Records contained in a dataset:

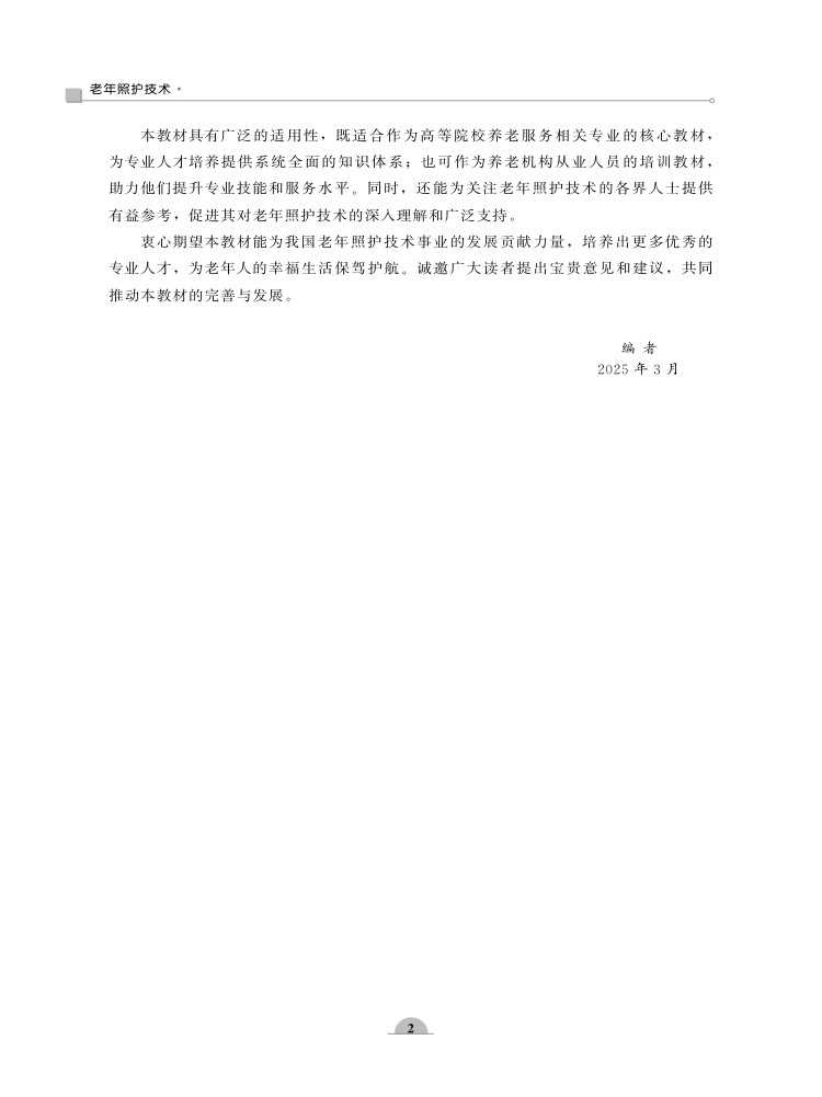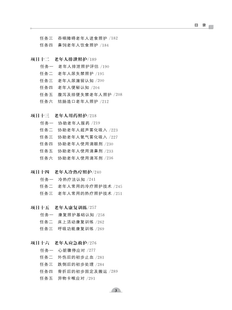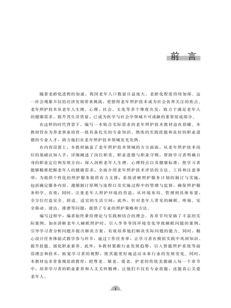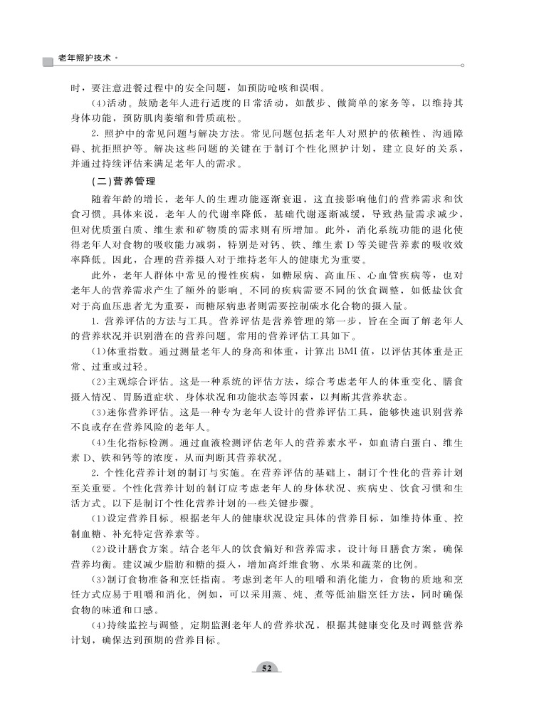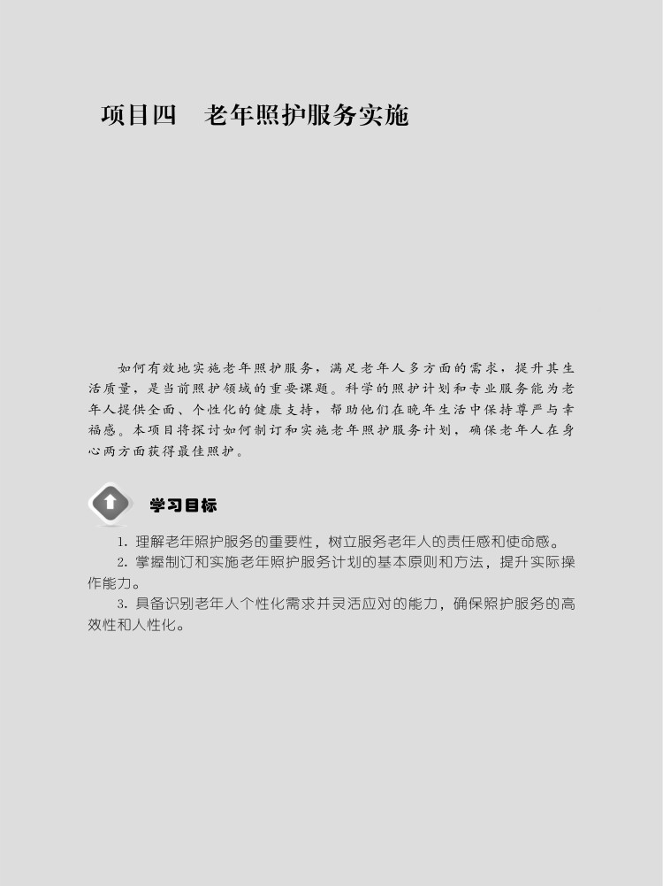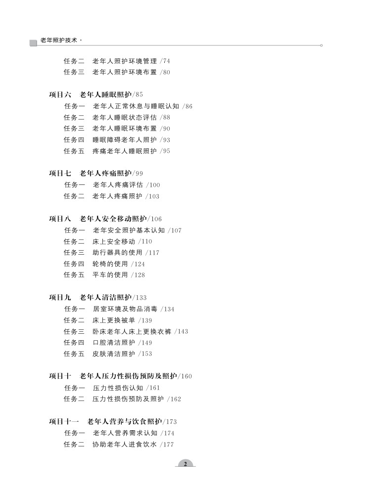 项,为提供个性化的照护服务提供有力支撑;系统讲解照护服务计划的制订与实施,包括确定服务内容、遵循制订原则与流程以及实施过程中的管理与监督,确保照护服务科学、有效;同时,注重老年人照护环境的营造,从环境布局、管理到具体布置,全方位打造安全、舒适、适宜的生活空间;此外,针对老年人常见的睡眠、疼痛、安全移动、清洁、排泄等问题,提供了专业的照护策略和方法。
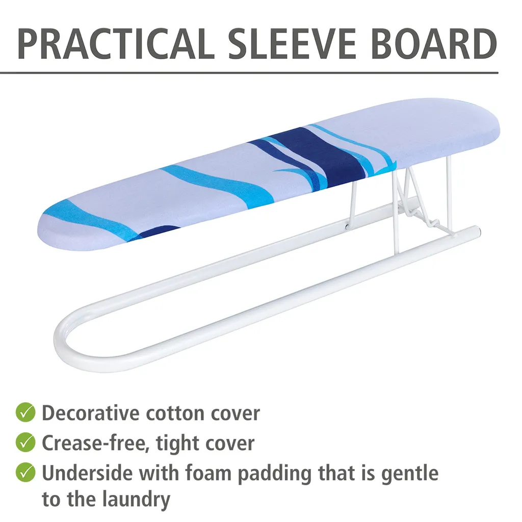 WENKO Ärmelbügelbrett, zusätzliches Bügelbrett mitNachbildungbezug für Hemden & Hosenbeine, knitterfreier Bezug für komfortables Bügeln aus 100 % Baumwolle, praktische Bügelhilfe, 52 x 12 cm, Blau
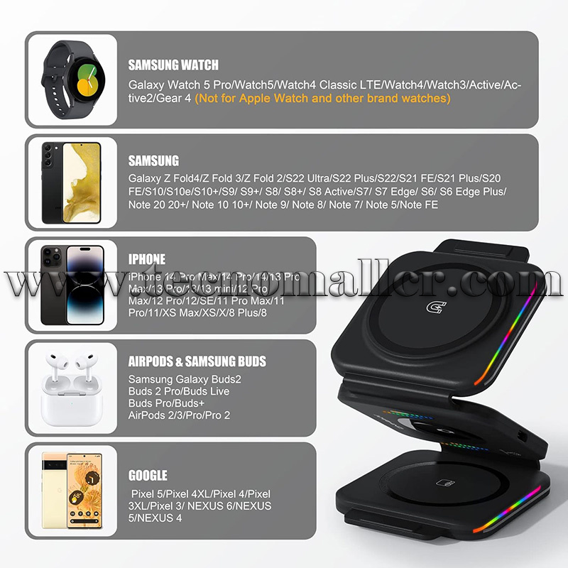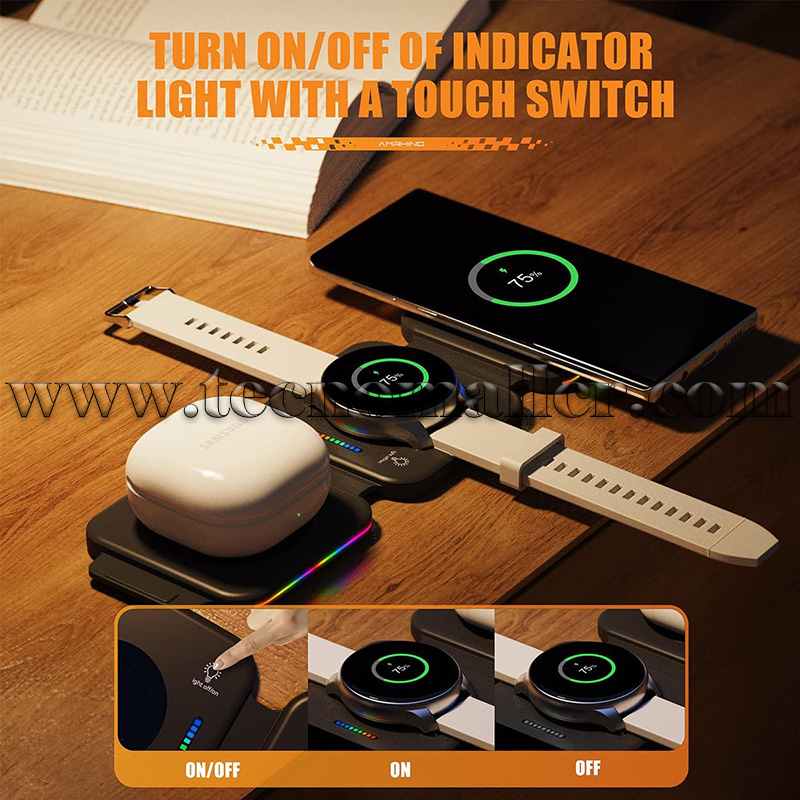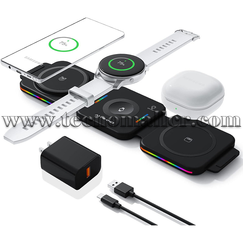 Cargador inalámbrico plegable Amrhino 3 en 1 rápido de 15 W para Celulares y Samsung Galaxy Watch y Buds
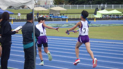 晴天の中,県総合第2競技場において行われました。1本の襷を最後までつなぎ,男子が優勝,女子が7位と大健闘でした!
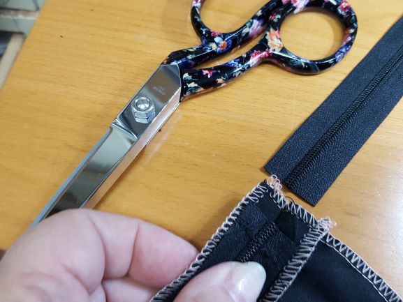 Set the machine to a zig zag stitch and stitch a line perpendicular to the zipper teeth to shorten the loose end of the zipper. Reverse stitch several times to anchor the zipper teeth. Trim away the extra zipper. Then stitch each zipper tab to each seam allowance to anchor the zipper thoroughly. Cut the zipper tab away from the seam allowances to minimize the bulk when finishing the pocket.
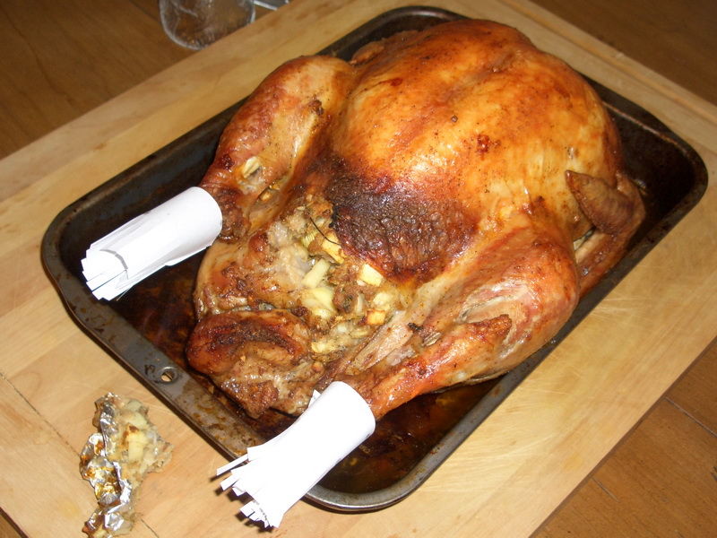 In alter amerikanischer Tradition haben wir gestern einen riesigen Truthahn bereitet. Jan – der neue Mitbewohner statt Samuel – und ich waren am Abend zuvor noch die notwendigen Zutaten einkaufen. Gestern mittag haben wir dann die Füllung erstellt und “Pedro” – wie wir ihn nannten – in die Sauna, sprich den Ofen geschoben.
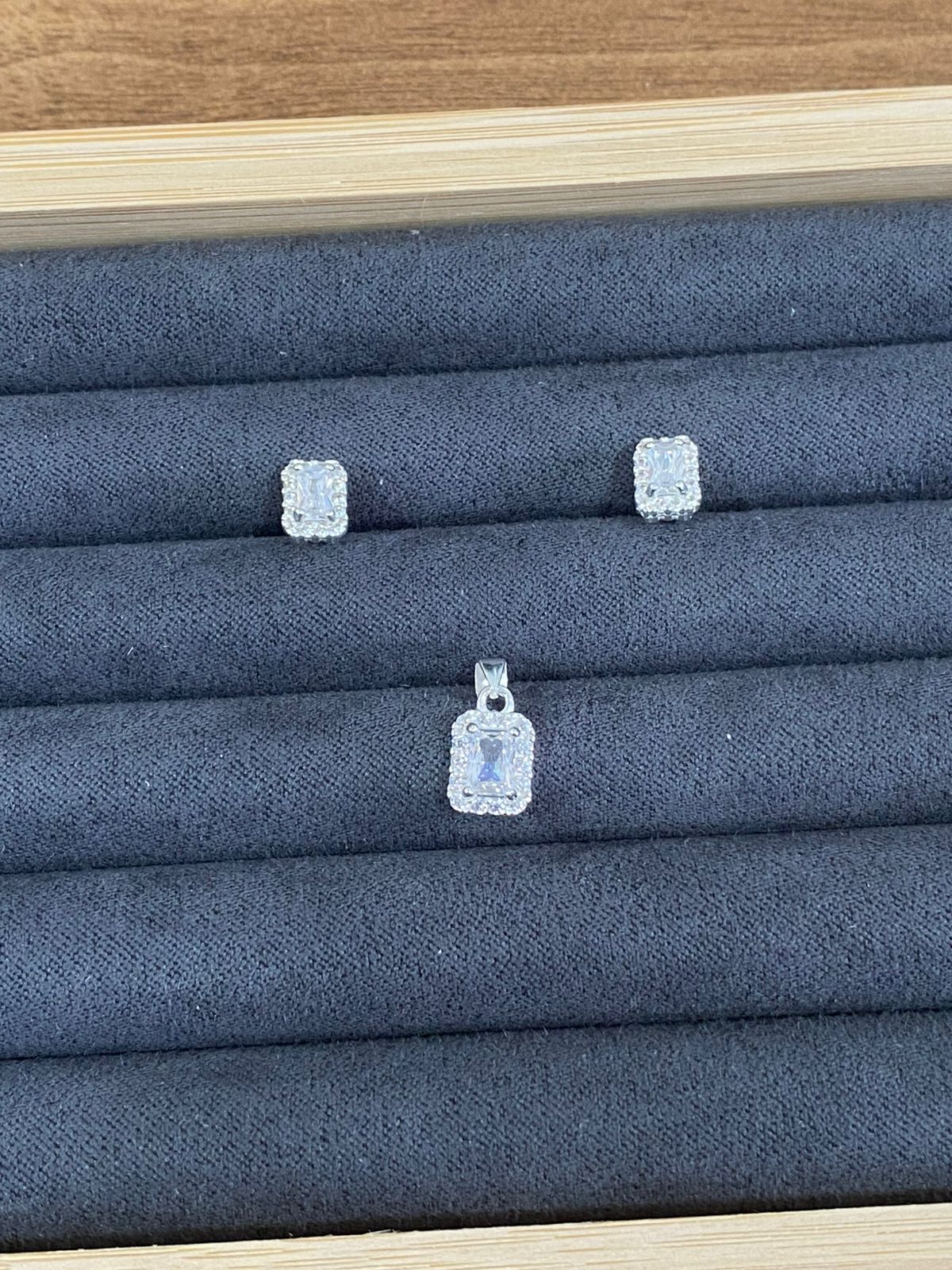 B5-84 Conjunto Retangular Cravejado Importado 2,65g Lote 17

● **TASK GOAL**
With images omitted, output the data exactly as given.

● **ANSWER FOR THE TASK**
 项,为提供个性化的照护服务提供有力支撑;系统讲解照护服务计划的制订与实施,包括确定服务内容、遵循制订原则与流程以及实施过程中的管理与监督,确保照护服务科学、有效;同时,注重老年人照护环境的营造,从环境布局、管理到具体布置,全方位打造安全、舒适、适宜的生活空间;此外,针对老年人常见的睡眠、疼痛、安全移动、清洁、排泄等问题,提供了专业的照护策略和方法。
 WENKO Ärmelbügelbrett, zusätzliches Bügelbrett mitNachbildungbezug für Hemden & Hosenbeine, knitterfreier Bezug für komfortables Bügeln aus 100 % Baumwolle, praktische Bügelhilfe, 52 x 12 cm, Blau
 Cargador inalámbrico plegable Amrhino 3 en 1 rápido de 15 W para Celulares y Samsung Galaxy Watch y Buds
 晴天の中,県総合第2競技場において行われました。1本の襷を最後までつなぎ,男子が優勝,女子が7位と大健闘でした!
 Set the machine to a zig zag stitch and stitch a line perpendicular to the zipper teeth to shorten the loose end of the zipper. Reverse stitch several times to anchor the zipper teeth. Trim away the extra zipper. Then stitch each zipper tab to each seam allowance to anchor the zipper thoroughly. Cut the zipper tab away from the seam allowances to minimize the bulk when finishing the pocket.
 In alter amerikanischer Tradition haben wir gestern einen riesigen Truthahn bereitet. Jan – der neue Mitbewohner statt Samuel – und ich waren am Abend zuvor noch die notwendigen Zutaten einkaufen. Gestern mittag haben wir dann die Füllung erstellt und “Pedro” – wie wir ihn nannten – in die Sauna, sprich den Ofen geschoben.
 B5-84 Conjunto Retangular Cravejado Importado 2,65g Lote 17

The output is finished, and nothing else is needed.